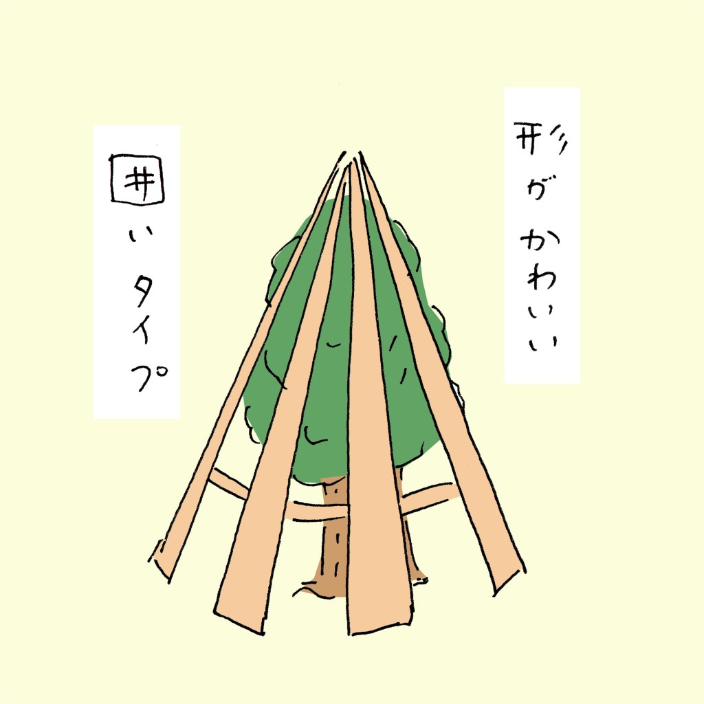 降雪量や木の形状・種類によって雪囲いの構造が異なるのだと思いますが、いずれにせよ、人と自然が共存するためのあたたかな歩みを見せられているような気がして、ほっこりした気持ちになります。
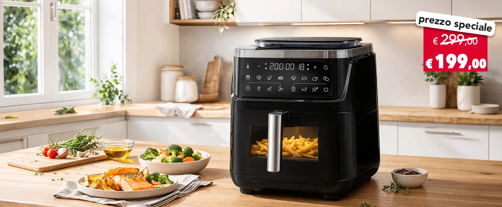 Friggitrice ad aria con funzione a vapore e autopulente, a soli 199 €! Promozione valida solo per fidelity fino alle 23:59 del 30/06/26.
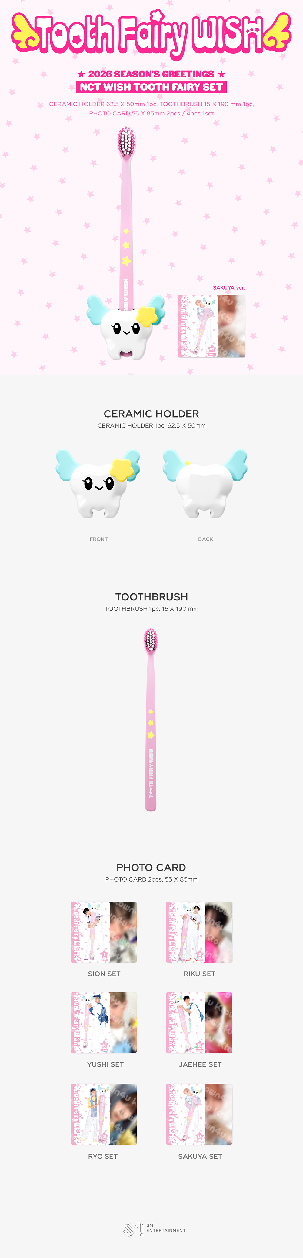 NCT WISH [2026 SM ARTIST SEASON'S GREETINGS MD] TOOTH FAIRY SET PART상품 : TOOTH FAIRY SET (세라믹 홀더 1pc, 칫솔 1pc, 포토카드 2pc) 소재 : CERAMIC, PP, PBT, PAPER 사이즈 : 세라믹 홀더 62.5 X 50, 칫솔 15 X 190 , 포토카드 55 X 85 (mm) 판매원 : SM ENTERTAINMENT 제조국 : 중국 제조 연월 : 2026.03

_Exercise brief_
Exactly as written, restate the listing above with its pictures omitted.

_Solution to this exercise_
 降雪量や木の形状・種類によって雪囲いの構造が異なるのだと思いますが、いずれにせよ、人と自然が共存するためのあたたかな歩みを見せられているような気がして、ほっこりした気持ちになります。
 Friggitrice ad aria con funzione a vapore e autopulente, a soli 199 €! Promozione valida solo per fidelity fino alle 23:59 del 30/06/26.
 NCT WISH [2026 SM ARTIST SEASON'S GREETINGS MD] TOOTH FAIRY SET PART상품 : TOOTH FAIRY SET (세라믹 홀더 1pc, 칫솔 1pc, 포토카드 2pc) 소재 : CERAMIC, PP, PBT, PAPER 사이즈 : 세라믹 홀더 62.5 X 50, 칫솔 15 X 190 , 포토카드 55 X 85 (mm) 판매원 : SM ENTERTAINMENT 제조국 : 중국 제조 연월 : 2026.03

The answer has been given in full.